Why does choosing a form poem, or container poem, as it is sometimes called, help one to write about difficult feelings? For one thing, as a poet, you have to observe the rules of the form, similar to the way you have to follow a recipe for a cake to turn out successfully. You can’t just dump everything in the bowl and swirl it around if you want chocolate cake. First you cream the butter and the sugar, then you beat in the eggs one by one. And so it is with difficult feelings. If you dump everything on the page, it’s messy to deal with. You also need to consider the reader. If your feelings overwhelm you, they may surely swamp your readers. Form poems provide that space of safety. They’re a way of being a trusty guide into dark places.

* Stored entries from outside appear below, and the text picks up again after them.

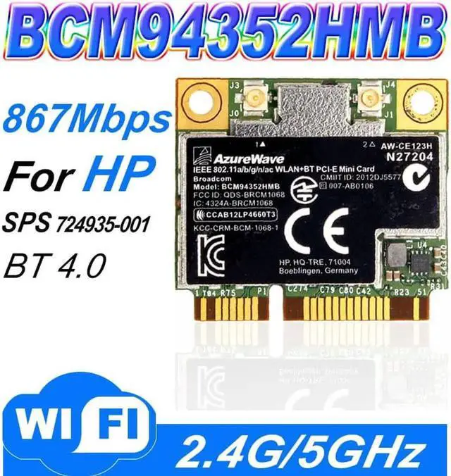 • Aomoproing BroadCom BCM4352 BCM94352HMB Half Mini PCIe PCI-express Wireless WIFI WLAN BT Bluetooth Card 802.11AC 867Mhz for 724935-001
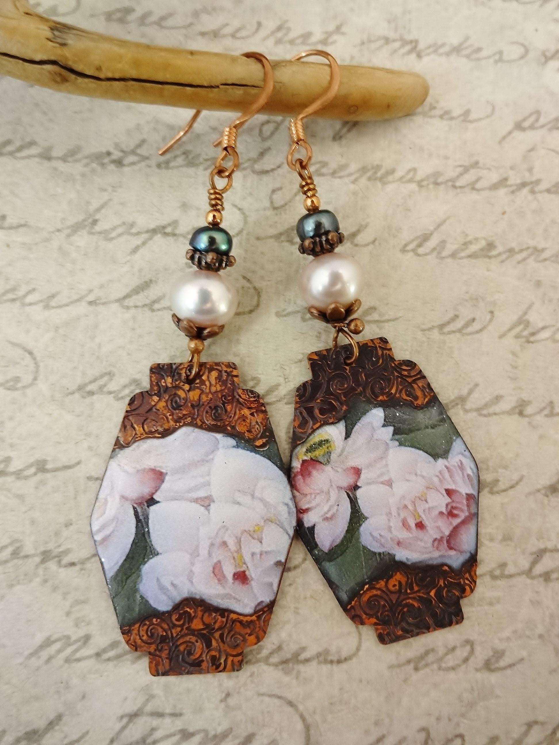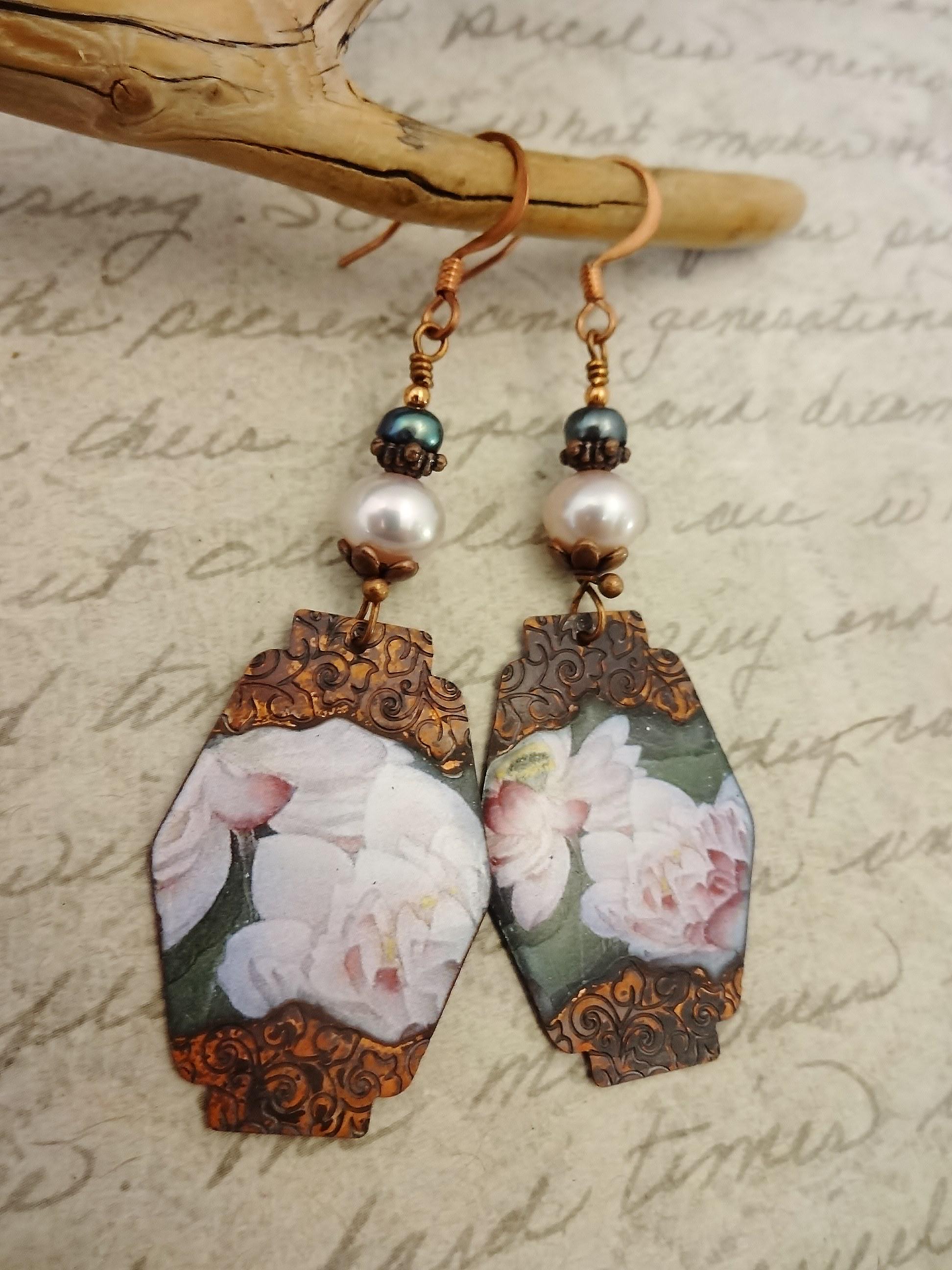 These gorgeous enamel charms were made by a talented French artisan. She stamped and aged the copper along the top and bottom edges and then enameled the middle with pink flowers and a dark green background. The colors are rich and gorgeous, and the rustic exposed copper adds to the boho charm.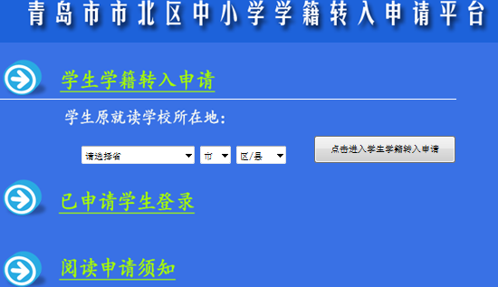 http://111.17.218.44:223/zxsq/青岛市北区中小学学籍转入申请平台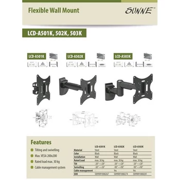 SUNNE LCD-A503K Monitor fali konzol dönthető, forgatható, 23-42", faltáv:
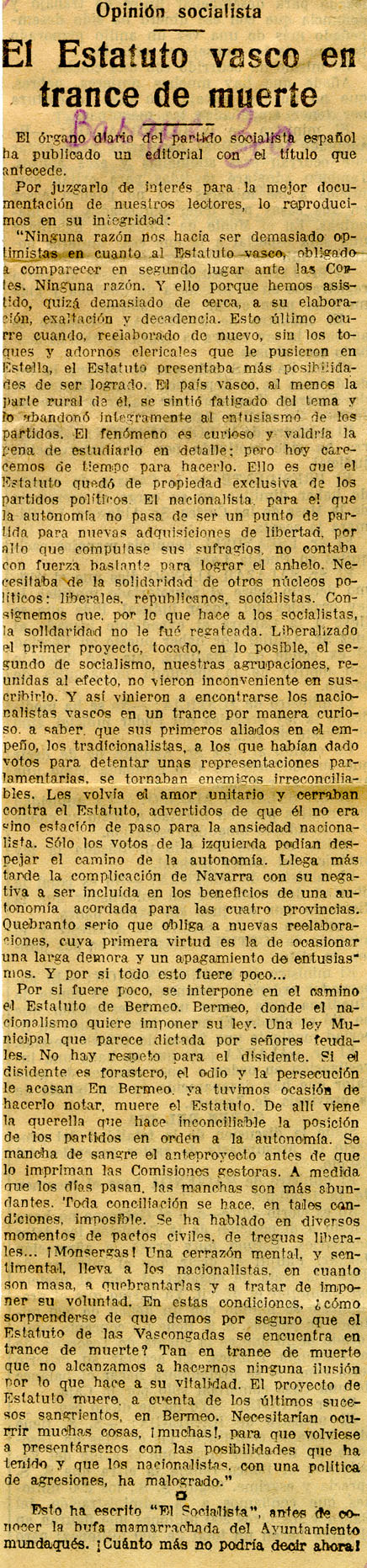- El Estatuto Vasco, en trance de muerte.

How does the form help the reader and writer to deal with difficult feelings?

As a writer, I know the experience I want to convey and I know the details. Writing in a specified form not only provides me with safety, it forces me to pay attention to something other than my feelings. Structure matters. So in a way, my attention is split. I still talk about the feelings, but only in such a way as is appropriate for the form.

As a reader, if a poet wants you to experience something difficult, the poet offers you some kind of lifelinein the form of repetition of lines from stanza to stanza in a pantoum, which guides you step by step into unfamiliar territory. You know what to expect as you venture deeper and deeper into the experience. All the while, familiar repetition breaks the tension every so often allowing you catch your breath. You’re willing to keep reading.

Here’s the beginning of my poem, “The Shock Machine” found in my recently released book, The Altar of Innocence.

First they take away your shoes
when you come seeking life.
Like a child you cling to your red quilt
inside a heavy fog of fear.

When you come seeking life
the doctors don’t know the self you were.
Inside a heavy fog of fear
you whisper pleas of hope.

The first pantoum I ever read was “One Art” by Elizabeth Bishop. In the poem, Bishop takes the reader on a journey into the land of losing things, from your keys to names to cities and beyond. One of my favorite poems. I hope you enjoy it.

“One Art”

The art of losing isn’t hard to master;
so many things seem filled with the intent
to be lost that their loss is no disaster.

Lose something every day. Accept the fluster
of lost door keys, the hour badly spent.
The art of losing isn’t hard to master.

Then practice losing farther, losing faster:
places, and names, and where it was you meant
to travel. None of these will bring disaster.

I lost my mother’s watch. And look! my last, or
next-to-last, of three loved houses went.
The art of losing isn’t hard to master.

I lost two cities, lovely ones. And, vaster,
some realms I owned, two rivers, a continent.
I miss them, but it wasn’t a disaster.

—Even losing you (the joking voice, a gesture
I love) I shan’t have lied. It’s evident
the art of losing’s not too hard to master
though it may look like (Write it!) like disaster.